The federal government has broadly extended its power to fight common crimes, from murder to unpaid child support. Critics say needless federal prosecutions waste money, jeopardize civil rights, and divert law enforcement from true national threats, says the Associated Press.
Such cases “clog the federal courts and utilize very limited federal resources in matters that are being prosecuted very well by local authorities,” said former U.S. Attorney General Edwin Meese III, who chaired a 1998 study on federalization of crime sponsored by the American Bar Association. Said law Prof. Gerry Moohr of the University of Houston: “The historical fear against federalizing crime has always been we don’t want a national police power. We’re very near that.”
An Associated Press review shows a sixfold increase in federal spending for criminal justice since 1982. Washington’s share rose from 12% to 18% of justice spending at all levels of government. Some U.S. attorneys’ legal staffs tripled and new yearly caseloads doubled in some federal courts.

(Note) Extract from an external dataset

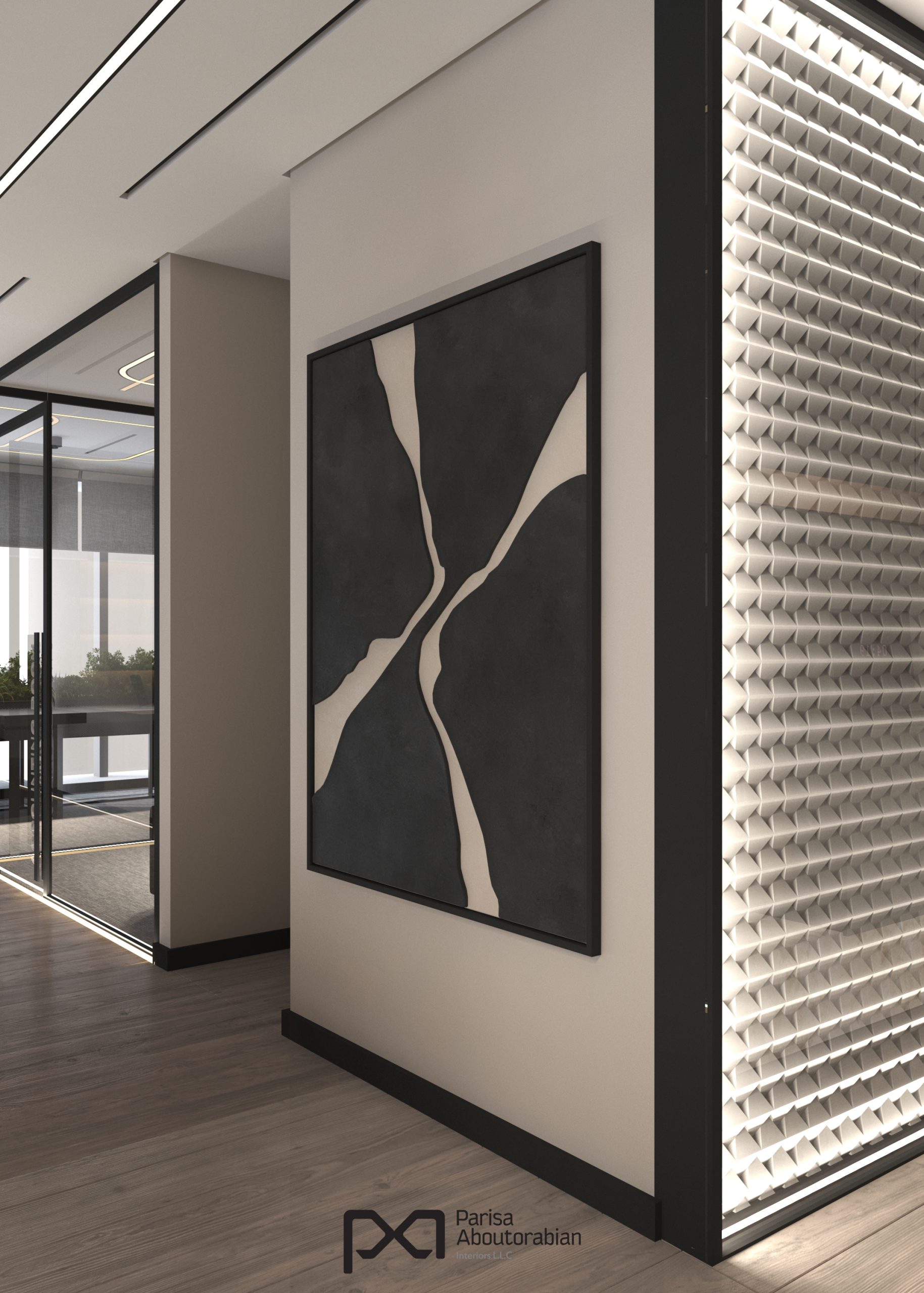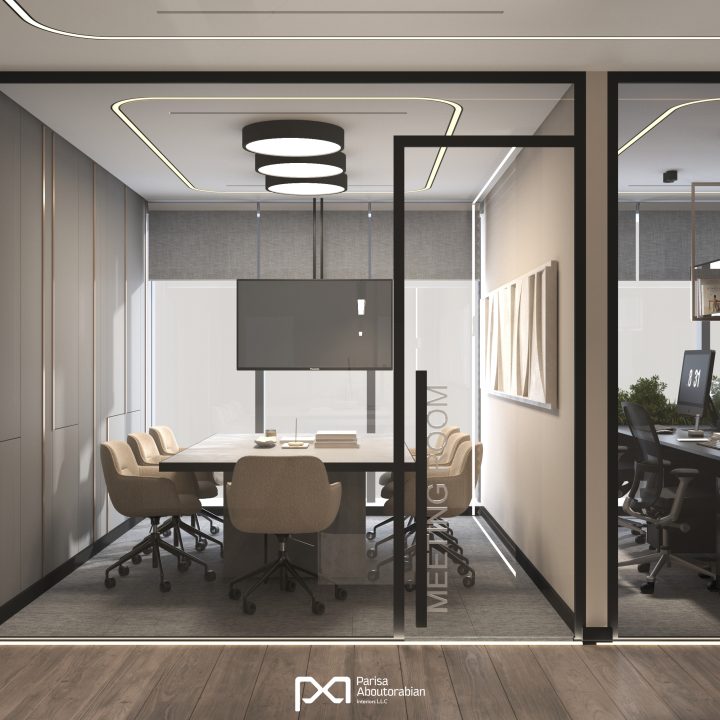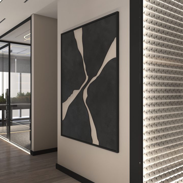 In our second office project in Citadel Tower, we elevated the design with a refined palette of beige and gray tones, introducing sophisticated materials and bespoke details. This updated space embodies understated elegance while maintaining a functional and inspiring atmosphere. Thoughtfully curated to reflect a matured brand identity, the design fosters a calm, contemporary workspace that prioritizes comfort, focus, and timeless style.

Congress has created so many national crimes in so many sections of legal code that no one has an exact count. There are about 3,500, more than 45% have encated since 1970. More than 30 federal agencies have authority to make arrests. The federal justice work force has doubled since 1982 to 194,000. The number of U.S. attorneys and assistants tripled to 5,300. They handled 67,000 new criminal cases in 2002 – more than twice the number 20 years before.